A mulher de meia-idade sorrir para mim.
— Senhorita Evans, sou Amanda Petrônio, a nova empregada da casa.
— Nunca tivemos empregada.
— Agora temos.
Meu pai desce a escada e vai até a cozinha, abre a geladeira e pega uma garrafa de vinho.
— Você está bem, papai?
— Sim.
E foi isso tudo que ele me respondeu.
A parte da mudança também chegou na escola, os professores me tratavam com mais atenção, às vezes me sufocava, as pessoas me tratavam diferente. Mas só havia uma que continuava a mesma, independente do que acontecesse.
— Colombia?.
Bethâny pergunta ao ler a ficha em minha gaveta do criado mudo.
— Sim, um dos melhores cursos de enfermagem é em Colombia?
— Está pensando em me deixar?
Ela semicerra os olhos.
— Não, estou apenas vendo opções.
— Você e suas opções.
— Todo mundo tem opções.
— Opções como Bryce?
Me viro quando ela fala esse nome, arqueio uma sobrancelha e ela sorrir.
— Bryce? O quarterback do time da escola?
— Sim.
— Do que você está falando?
Paro de arrumar minhas coisas e a encaro.
— Bryce pediu para sair comigo.
— Uau, acho que isso é uma sorte, né?
— Sei que você não curte o tipo de cara que ele é.
— O tipo de cara bombado, atleta e burro?
— Anne!.
— Ok, desculpe. — Levanto a mão em redenção. — Não importa se não curto esse tipo de cara, não sou eu que irei sair com ele. Boa sorte no primeiro encontro.
— Obrigada.
Esse foi o início do frustrante namoro de Bethâny. Eu já sei que Betty teria o coração partido algum tempo depois, mas tudo bem, diário, ter o coração partido ocasionalmente nos deixa mais fortes. Teoria da minha mãe."

Passo pela porta de vidro e vou até a recepção, a loira fria me olha com reconhecimento.
— Boa tarde.
Ela fala ao tirar os olhos da ficha em suas mãos.
— Boa tarde, vim ver Anne Evans.
A loira franze os olhos, então pega o telefone e faz uma ligação.
— Jack, Jamie Stone está aqui para ver a senhorita Evans. Tudo bem ele ir? Oh sim! Tudo bem, então. Ok.

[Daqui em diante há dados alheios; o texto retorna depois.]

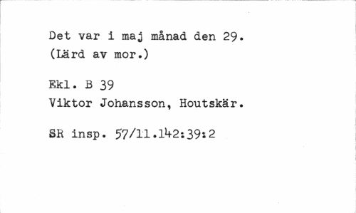 //// Det var i maj månad den 29. (Lärd av mor.) //// Ekl. B 39 //// Viktor Johansson, Houtskär. SR insp. 57/11.1^2:39s2 ////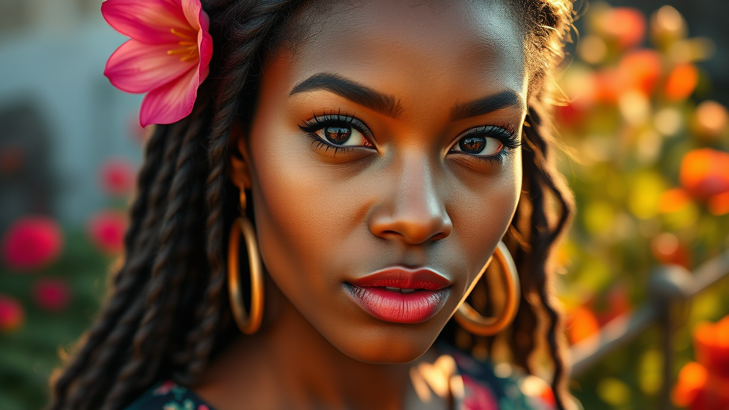 Close-up portrait of a diverse European woman wearing floral-patterned attire, captured in an extremely high-quality photo with an outdoor setting as the backdrop. The image boasts intricate, exquisite detailing and textures, with a warm lighting ambiance. The focus is sharp, showcasing highly detailed eyes. Shot in 8k UHD resolution with a Nikon D850, it features high-quality film grain and hyper-realistic skin, retaining a natural yet striking appearance. Touches of vibrant nature enhance the composition, adding a unique flair to the original concept.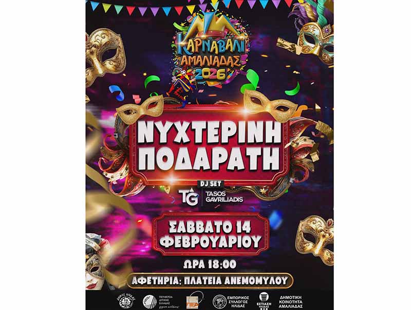 Φαντασμαγορική έναρξη για το «Καρναβάλι Αμαλιάδας 2026» από το Δήμο Ήλιδας με μια μεγάλη συναυλία του FY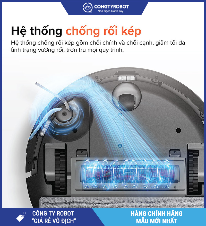 Hệ thống chổi chính và chổi cạnh thiết kế đặc biệt giúp chống rối hiệu quả, hạn chế kẹt tóc và dễ dàng tháo lắp vệ sinh. Giữ hiệu suất dọn dẹp luôn ổn định và tiết kiệm thời gian bảo trì.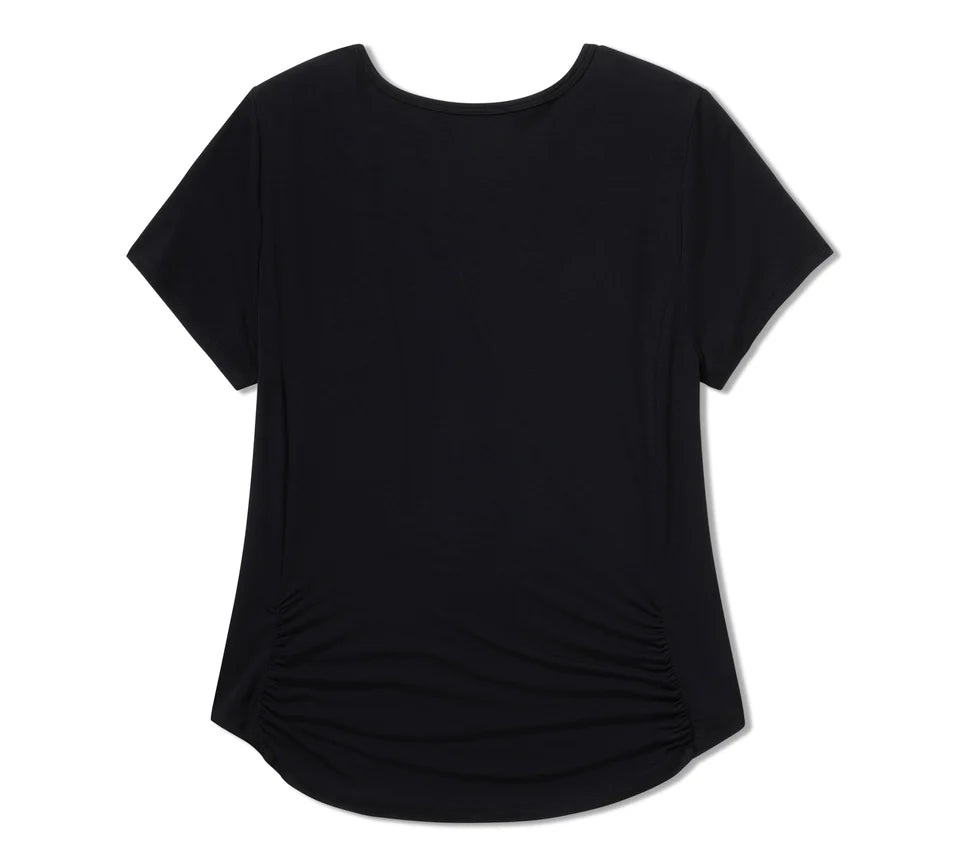 Princess seam ruching. Slight cap sleeves. Rounded hem.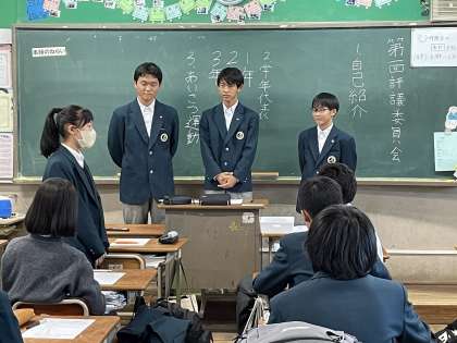 認証式の後、後期の第1回評議・専門委員会が行われました。新しい生徒会本部の委員長も各クラスから選ばれた学級役員も、初めての委員会に緊張しながらも一生懸命取り組む様子が見られました。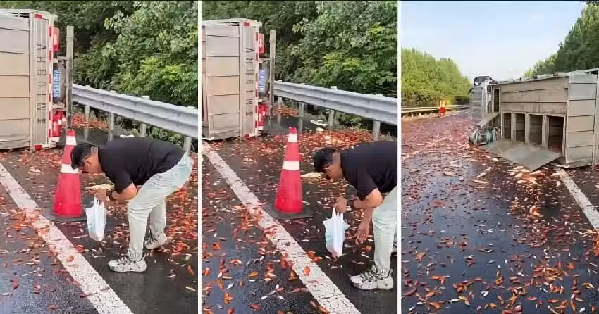 貨車高速公路上翻車,車廂內貨物「灑落行車道」,路人細看後驚恐:竟都是活物!
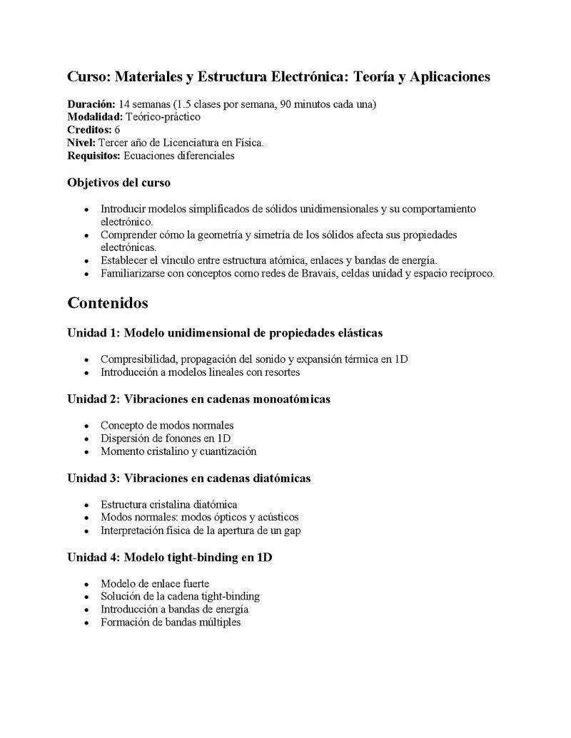 CS03074-1 Materiales y Estructura Electrónica: Teoría y Aplicaciones 2025, Segundo Semestre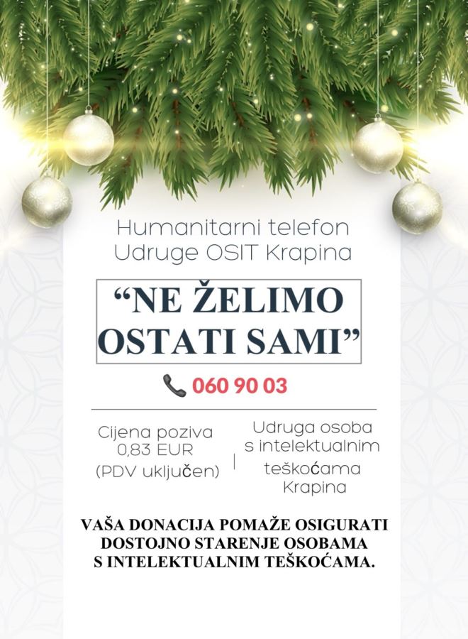 Pozivom na broj 060 90 03 donirate 0,83 EUR te pomažete osigurati dostojno starenje osobama s intelektualnim teškoćama. - Humanitarni telefon otvoren je do kraja 1. mjeseca 2025. godine, te vas ovim putem pozivamo da se uključite u humanitarnu akciju i podržite Udrugu osoba s intelektualnim teškoćama Krapina u ovo nadolazeće vrijeme blagdana koje smatramo najljepšim u godini - poručuje Udruga.

Obrigada.
Ela desliga e me encara, vejo em seu crachá o nome Lavigne.
— Você pode entrar — ela faz uma cara de surpresa. — Você tem acesso livre ao quarto da paciente.
— Obrigado.
Saio andando e vou até o elevador, aperto o botão chamando, ele chega e eu entro.
Saio no andar de Anne, o último andar do hospital. A ala está vazia, em silêncio, o sol atravessa a enorme janela de vidro. Caminho até sua porta, paro quando ouço uma música clássica tocando ao som de piano, abro a porta e vejo que em uma cadeira há uma pequena caixinha de som, a música vem dela, fecho a porta e caminho até ela, me sento na cama ao seu lado, pego sua mão gelada, a acaricio.
— Como você está? — Fico a encarar, a música preenche o quarto, deixando um clima leve. — Sua cor está melhor, eu acho.
Me levanto e abro a persiana, os raios solares invadem o quarto, trazendo vida, viro e encaro Anna, sorrio ao ver quão linda ela é, o sol lhe trouxe um ar sereno, fico estudando seu rosto, à luz do dia sua beleza se destaca. Olho pela janela e vejo um táxi parar em frente a uma cafeteria, um casal desce e entra nela, o táxi vai embora, mais adiante as pessoas atravessam no semáforo, o mundo está se movendo, pessoas vivendo suas vidas alheias às outras, pessoas que não sabem a história escondidas atrás de sorrisos.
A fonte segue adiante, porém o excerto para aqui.